Зачастую он присоединялся к прохожим и спрашивал у них, изображая из себя любознательного приезжего: «Простите, не можете ли вы мне сказать, что это за памятник?» Но ни разу не встретил он человека, который был бы в состоянии дать ему какие-либо разъяснения. Даже торговцы на площади были не более осведомлены.
Уязвленный до глубины души таким невежеством и неблагодарностью, Мартен работал уже не столь усердно, как прежде. Он становился рассеянным.
При мысли об одинокой статуе инструменты валились у него из рук, и он застывал в оцепенении на своем чердачке, без конца растравляя свою печаль. А иногда, охваченный нетерпеливой жалостью, он бросал все и бежал на площадь к своему двойнику, чтобы порадовать его хотя бы своим дружелюбным присутствием, как маленькой подачкой. Мало-помалу его жизнь теряла ту размеренность, к которой его вынуждала изобретательская страсть. Теперь он выходил из дома в любое время дня, не обманывая себя даже видимостью предлога. У него появились дурные привычки: он стал курить и читать газеты. Замыслы вяло созревали в его голове, и пальцы утрачивали ловкость. Он творил, почти не испытывая при этом никакой радости, лишь для того, чтобы заработать на жизнь. В прежние времена его не смущали заботы о материальных нуждах, и, отдав дань житейским потребностям, он мог свободно мастерить предметы, не приносящие реальной пользы, такие как точилка для карандашей, работающая на осветительном газе: это было чистое искусство. А теперь он больше занимался таким трудом, который мог денежно себя оправдать, — но без особого успеха. Искорка вспыхивала все реже, и он уже не схватывал ее на лету.
В теплое время года он целые дни проводил на площади в унылом созерцании, исполненном горечи. Он больше не расспрашивал прохожих. Он окончательно уверился в людском невежестве и глупости. Случалось, что, сидя на скамейке, он произносил целые монологи, как будто сам был бронзовым человеком, говорившим с высоты своего постамента. «Проходите, — бормотал он, бросая на пешеходов злобные взгляды, — проходите, недотепы вы этакие. Я вас презираю. Я плюю на ваше ничтожество. Я выливаю на ваши головы мою бронзовую мочу. Жалкие, запыхавшиеся людишки, настанет день, когда все вы погибнете, и тяжесть вашей тупости вдавит вас в землю. А я буду стоять на своем камне, я увижу, как проносят ваши останки, а передо мной будет расстилаться бесконечная жизнь. Я поднялся на пьедестал своим трудом, своим умом, своим талантом. Я стал незыблемым утесом. Я не нуждаюсь в вашем восхищении. Оно ничего не прибавило бы к моему бессмертию, не помешало бы мне смеяться над вашими гнусными мясистыми рожами».

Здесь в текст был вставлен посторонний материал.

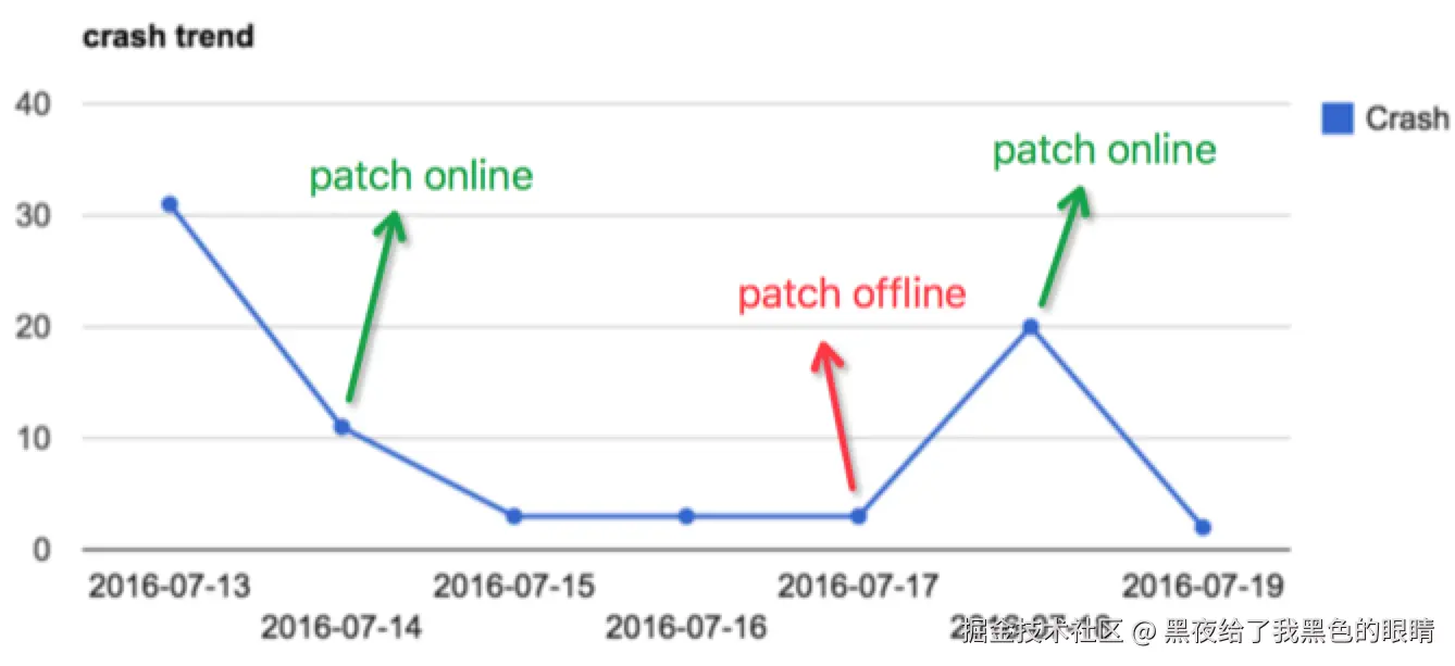 通过这个表能够看出,我们的patch信息拉取的成功最低,平均97%多,这是因为实际的网络原因,而下载成功后的patch成功率是一直在99.8%以上。而且我们做的是无差别下发,服务端没有做任何针对机型版本的过滤,线上的结果再次证明了Robust的高兼容性。

Подобные речи не могли вернуть ему душевный покой. В своих яростных нападках на прохожих он не всегда давал себе труд перевоплощаться в статую, и тогда его презрение выражалось более личным и непосредственным образом. Например, ему случалось сказать вслух: «Плевать я на вас хотел». Некоторые открыто выражали свое удивление. Однажды ему пришлось раскаяться хотя бы на несколько мгновений, что он облек свою досаду в такую ораторскую форму. На скамейку рядом с ним уселась женщина лет пятидесяти, неважно одетая и державшая в руке букетик фиалок. Не обращая внимания на ее присутствие, он изливал свое озлобление на редких пешеходов, пересекавших площадь. Убедившись, что, кроме нее, никто не мог его слышать, дама оскорбилась. Она встала, смерила грубияна взглядом и сказала: «Сударь, вы хам». Мартен смутился. Грубые слова, вырвавшиеся у него, имели обобщенный, почти философский смысл и отнюдь не были направлены на отдельную личность. Но как было ей растолковать, что такое восклицание просто отражало определенный взгляд на вещи? К тому же дама не дала ему возможности объясниться и отошла, снова испепелив его взглядом. Смущение Мартена сменилось раскаянием и недоумением, когда она направилась прямо к памятнику и остановилась у подножия в благоговейной позе. Волнение приковало его к скамье, ему казалось, что он вот-вот лишится чувств. Наконец он вышел из оцепенения и, когда ноги снова стали его слушаться, галопом перебежал через площадь. Приподнявшись на цыпочках, дама разбрасывала фиалки по цоколю вокруг бронзовых ботинок. Мартен пробормотал за ее спиной какие-то робкие и задыхающиеся слова. Она быстро обернулась, испуганно вскрикнула при виде хама и сжала ручку зонтика. Он смиренно извинился, объяснил, что он старый друг Мартена и что гневные слова, которые она случайно подслушала, были адресованы неблагодарным людям, невежам. Лицо ее тотчас же прояснилось, и на глазах выступили слезы.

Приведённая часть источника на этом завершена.